= Provided data =
----
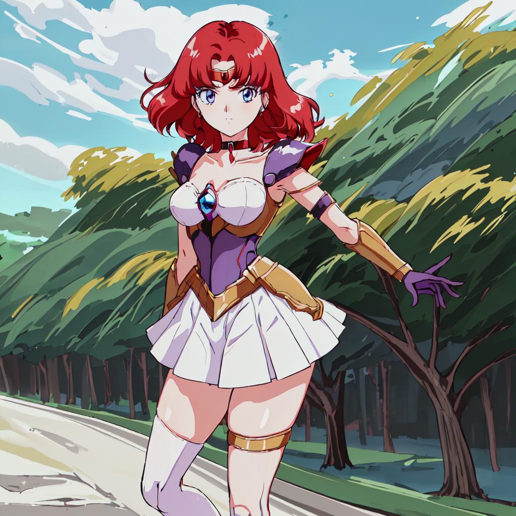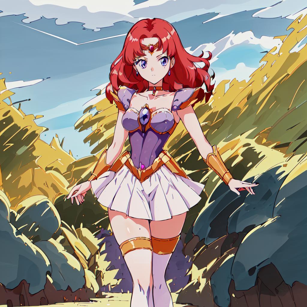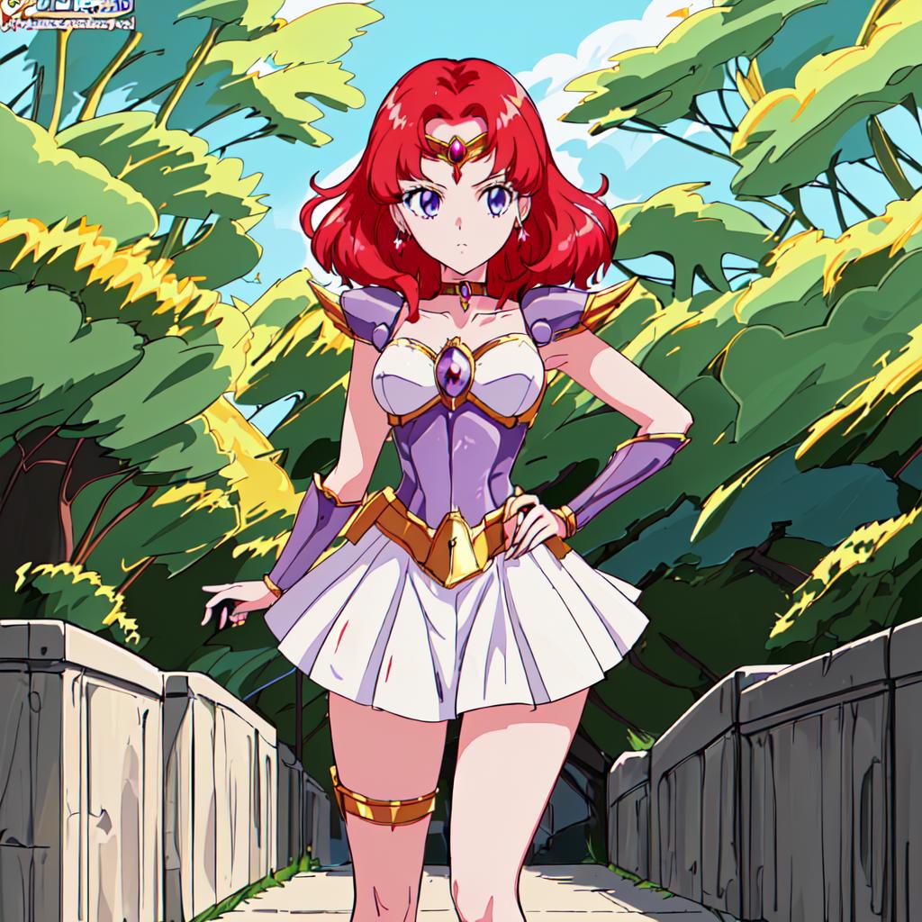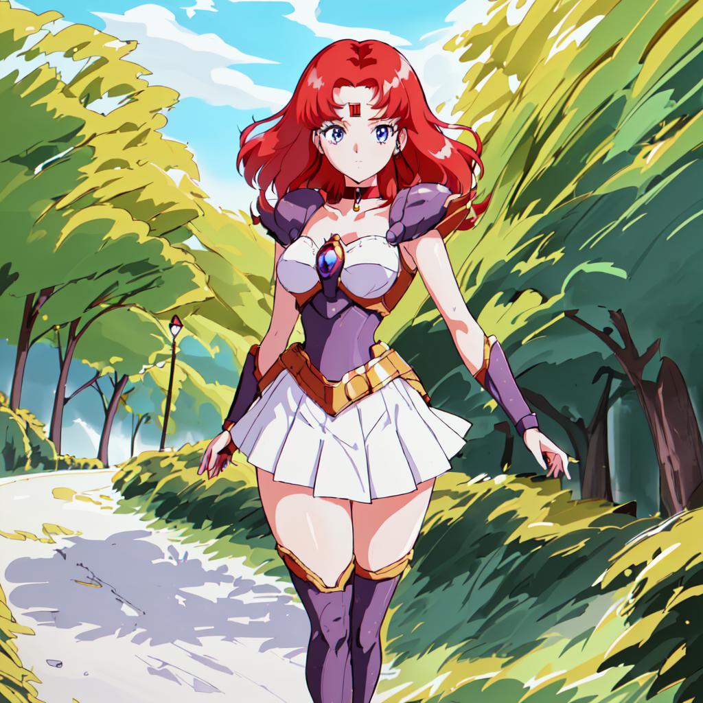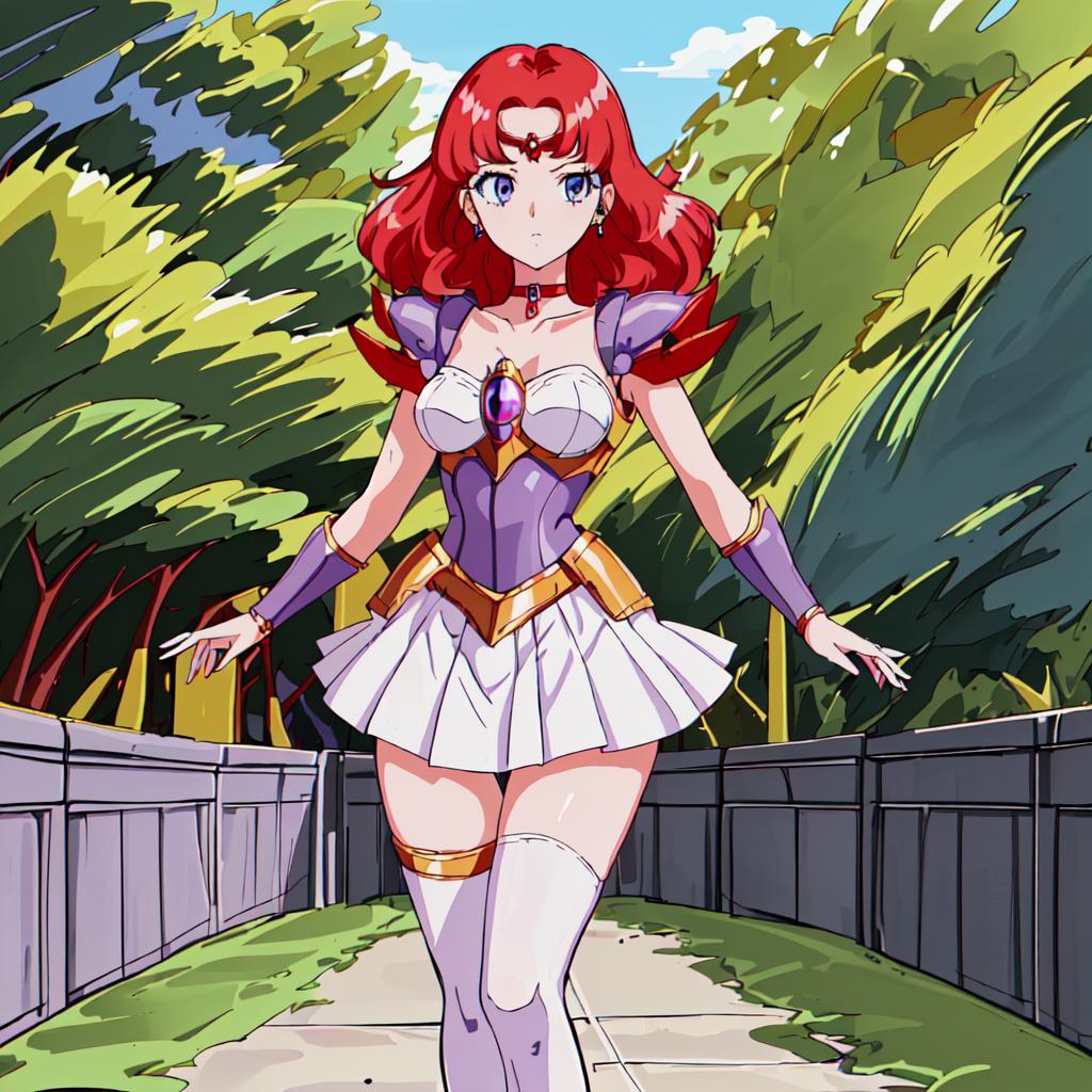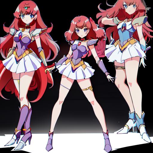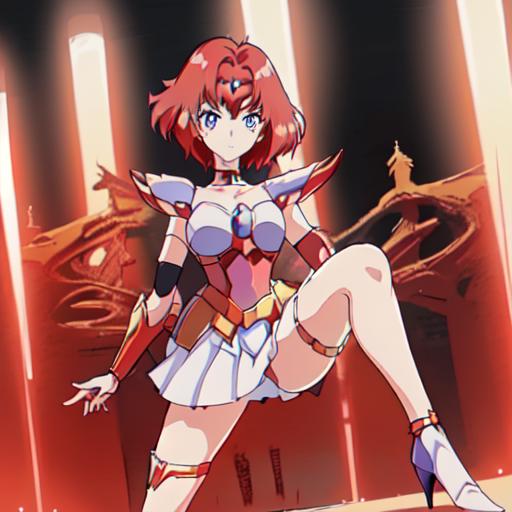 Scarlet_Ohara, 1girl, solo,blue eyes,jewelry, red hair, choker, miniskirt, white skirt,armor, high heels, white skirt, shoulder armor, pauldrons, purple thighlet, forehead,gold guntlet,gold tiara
----
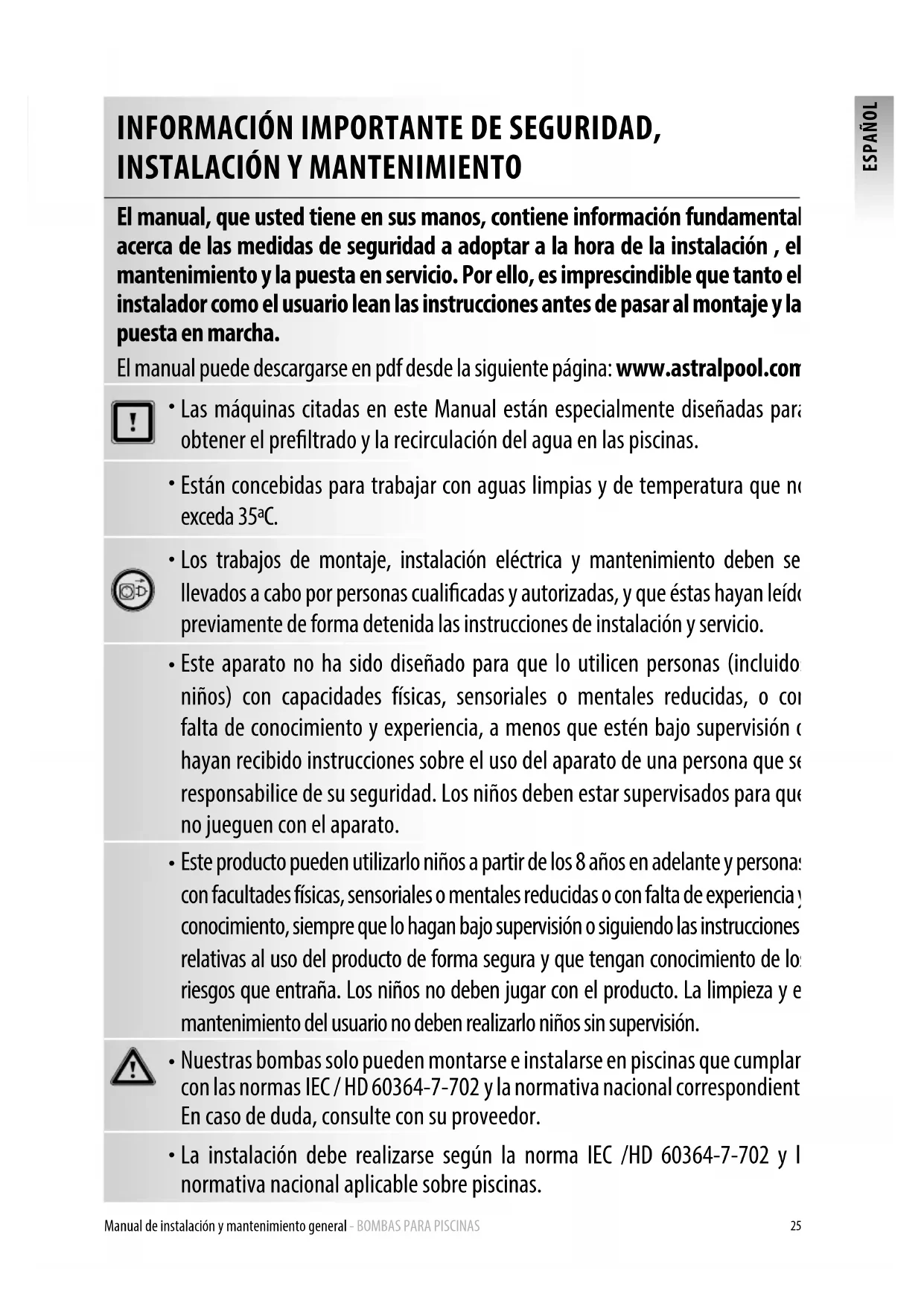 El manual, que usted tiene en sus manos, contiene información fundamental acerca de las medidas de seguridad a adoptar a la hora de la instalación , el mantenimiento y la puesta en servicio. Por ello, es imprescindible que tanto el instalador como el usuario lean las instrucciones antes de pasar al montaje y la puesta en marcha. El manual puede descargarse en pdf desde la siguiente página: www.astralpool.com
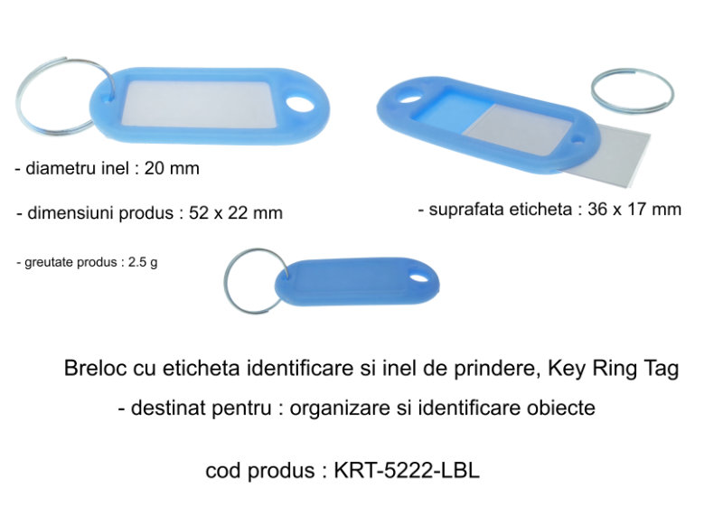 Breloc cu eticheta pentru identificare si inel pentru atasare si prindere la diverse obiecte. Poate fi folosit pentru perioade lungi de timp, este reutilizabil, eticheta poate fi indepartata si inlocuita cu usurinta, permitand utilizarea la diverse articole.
----
= Your goal =
Exact copy, pictures excluded: from the line with "El manual, que" up to and including the line with "Breloc cu eticheta" in the data above.

= Answer section =
 El manual, que usted tiene en sus manos, contiene información fundamental acerca de las medidas de seguridad a adoptar a la hora de la instalación , el mantenimiento y la puesta en servicio. Por ello, es imprescindible que tanto el instalador como el usuario lean las instrucciones antes de pasar al montaje y la puesta en marcha. El manual puede descargarse en pdf desde la siguiente página: www.astralpool.com
 Breloc cu eticheta pentru identificare si inel pentru atasare si prindere la diverse obiecte. Poate fi folosit pentru perioade lungi de timp, este reutilizabil, eticheta poate fi indepartata si inlocuita cu usurinta, permitand utilizarea la diverse articole.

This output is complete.